A rider can always just hop on his bike and zoom off. But for a safe and hassle-free ride, he should habitually conduct proper check-up of his motorcycle before taking off. When I took the Basic Safety Riding Course offered by Honda Philippines, I learned a lot of things.
One handy acronym that's easy to remember is the TCLOCS inspection checklist coined by the Motorcycle Safety Foundation, an internationally recognized developer of the comprehensive, research-based, Rider Education and Training System (RETS). The acronym stands for Tires, Controls, Lights, Oil, Chassis and Stand. It covers all aspects of your motorcycle:
T is for tires (including wheels and brake system). Check the condition of your tire tread. Tread should be visible with about 1mm tread depth. Recommended tire pressure is stamped on the tire's sidewall. But this can be adjusted if the rider is going extreme off-road and circuit racing. With the bike using the stand and the engine shut off, rotate the rear wheel using your hands. Feel for any resistance while turning the wheel. Visually inspect your rims for any dents or dings, particularly on the edges where the lip of the tire edge is located.
C is for controls (including the handlebar, levers and pedals, cables, hoses and throttle). Always visually inspect handlebars if they are straight and can move freely from left to right and vice versa. Make sure that the handgrips and bar ends are secure. Levers and pedals should always be in tip-top shape. If they're cracked or bent, replace them right away. Levers should be smooth when gripping and pivot points should be lubricated.
Hoses (brake fluid, oil and water) must not have cracks, cuts, leaks, chaffing, bulges and other signs of deterioration. Throttle should move freely without any resistance and snaps back quickly as released. The slow return of the throttle handlebar grip indicates resistance in the cable which may be due to non-lubrication or frayed inner materials.
L is for lights (headlight, signal lights and brake light). Regularly check the battery for loose terminals, corrosive buildup, or both. Also check if the battery is secured in place. Inspect the bulbs of headlights, signal and brake lights. Brake lights should activate when you grip your right handlebar lever and/or right foot pedal. Check headlight alignment so as not to blind oncoming vehicles. Note that wiring should be tightly secured.

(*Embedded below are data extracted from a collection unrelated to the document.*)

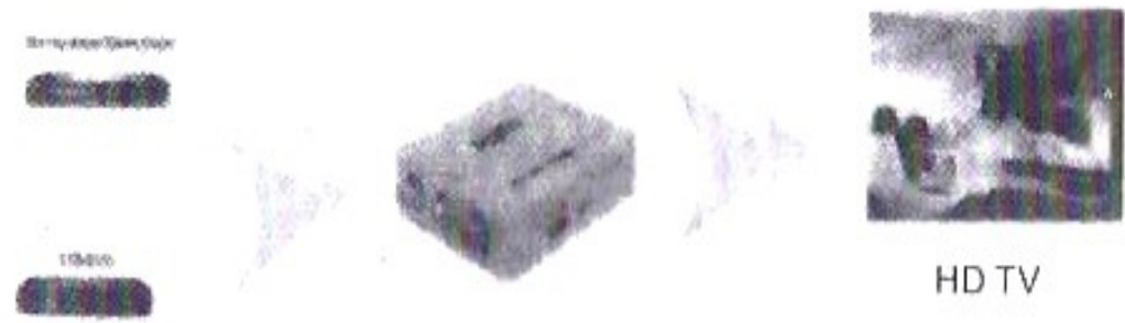
HDMI TO AV CONVERTER
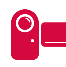
VIDEO RECORDING EQUIPMENT
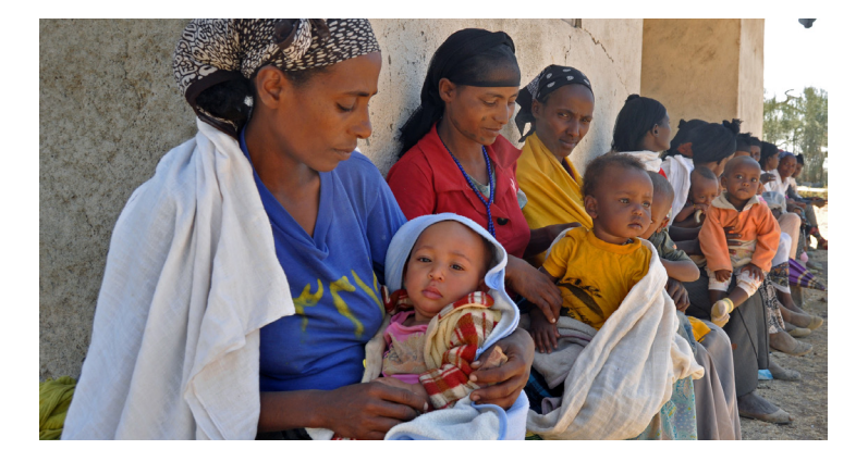
Children Believe engaged women and others in the communities to change perceptions about women's and children's health, and women's role in decision-making around health.

During our annual program review, beneficiaries were able to cite specific knowledge they gained about antenatal care, warning signs for pregnant women, hospital care, hygiene, infant and child health, and disease prevention. They were also able to say how they put this knowledge into action by adopting good hygiene practices, attending antenatal care services, going to hospitals for delivery, and sharing parenting roles between female and male partners. Beneficiaries also noted that community health committees established by our program have provided a useful platform to help and guide pregnant women.

O stands for oil (and other fluids). Always check the brake fluid level. It should always settle between the maximum and minimum level as indicated on the fluid bottle. If the oil feels watery when touched, it’s time for oil change. For water-cooled engines, check the coolant level and add if necessary. Also, scan for any leak.
The bike should always ‘look’ dry. Any signs of moisture or wetness should be inspected more thoroughly. If you park your motorbike on a regular spot, one indicator of leak is stain on the floor.

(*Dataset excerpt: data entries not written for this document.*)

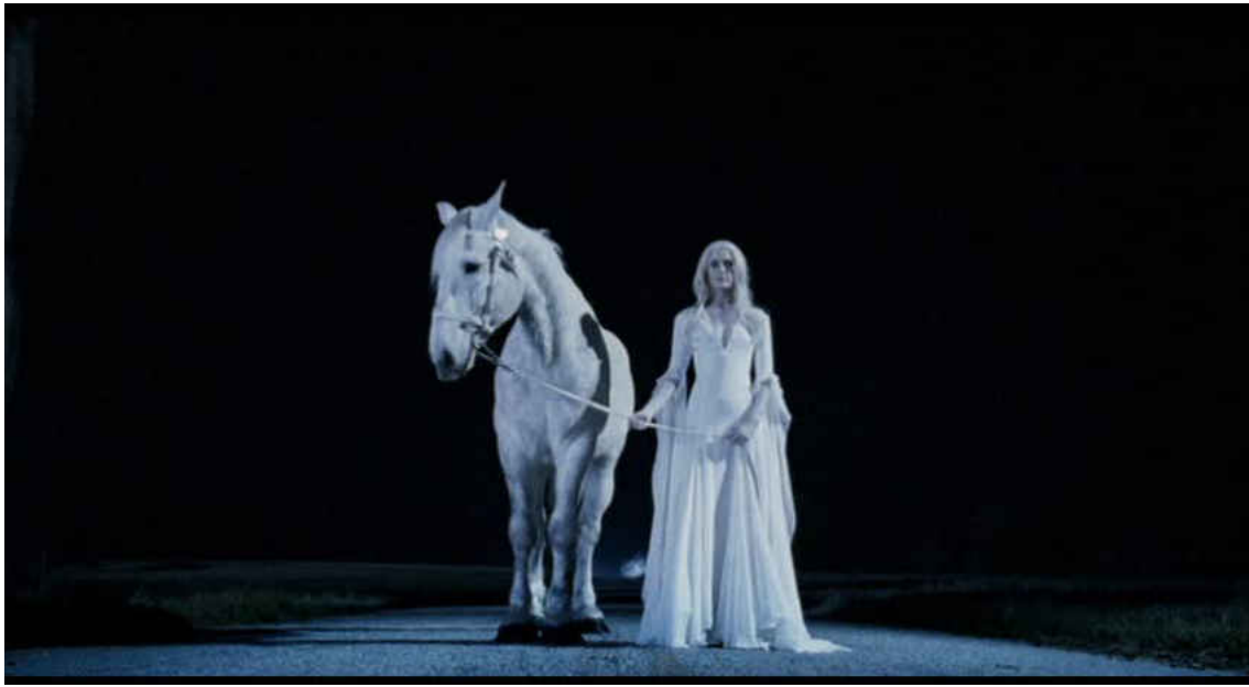
Figure 8 Michael's vision of his mother from Halloween II (2009)
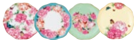
Set of 4 Plates 11cm 10cm x 10cm x 2cm 3501 210
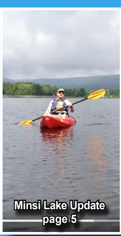
Minsi Lake Update page 5
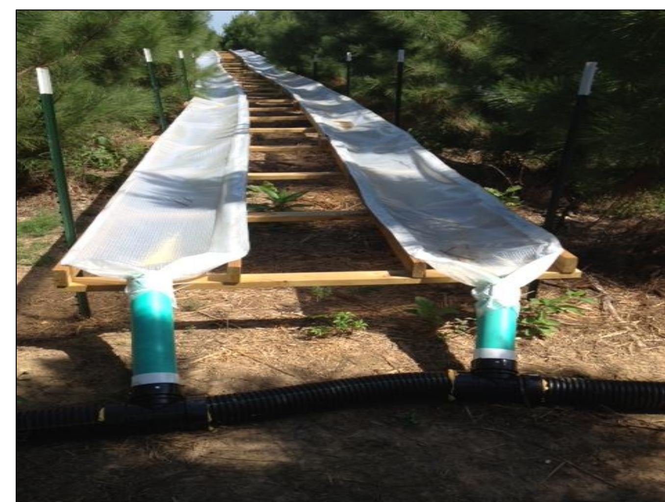
Figure 2. Rainfall reduction excluders on the Tier III site in Oklahoma.
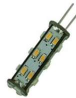
27 LED TOWER L9945 10.49
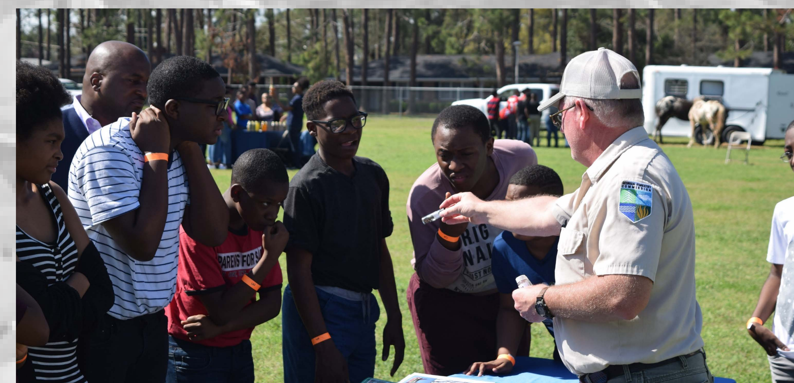
Figure 6: Georgia forester shows students forestry related insects

Question 1: 82% of participants were able to name a career related to agriculture other than "farmer". Question 2: 91% of students also reported knowing how much money the agricultural industry contributes to Georgia's economy. Question 3: 73% of participants stated they would be interested in an Agricultural Pathway at the middle or high school level. Question 4: 86% of the students surveyed were able to recall the top 5 agricultural commodities.
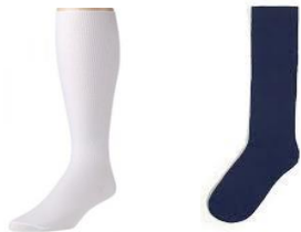
Navy or White Knee High Socks 8 th grade girls must wear White Socks on Mass Days

Plaid tie must be worn with sailor blouse. Tie is not worn with jumper.

C is for chassis. If you figured in a bike crash, check for any cracks on the frame. The front and rear suspension should not be springy when pressure is applied. Check the front fork for any oil leak. The chain should have ample tension and should not look like it’s sagging. Maintain cleanliness and lubrication on the chain. Mud and grease buildup adds to the deterioration of the sprocket. Likewise, a dry, rusting chain can lead to possible chain breakup. Inspect all fasteners and clips for signs of deterioration or loosening.
S is for bike stand. It could either be a side or a center stand. Make sure the spring can retract to its standby position before the bike starts to move. A loose stand can make your bike swerve uncontrollably while turning.
But after all that's said and done, common sense and logic should still prevail. You know that it’s your safety that will matter most so a little common sense when examining your bike will go a long way in giving you endless enjoyment.
As the popular saying goes: Kailangan pa bang i-memorize ‘yan?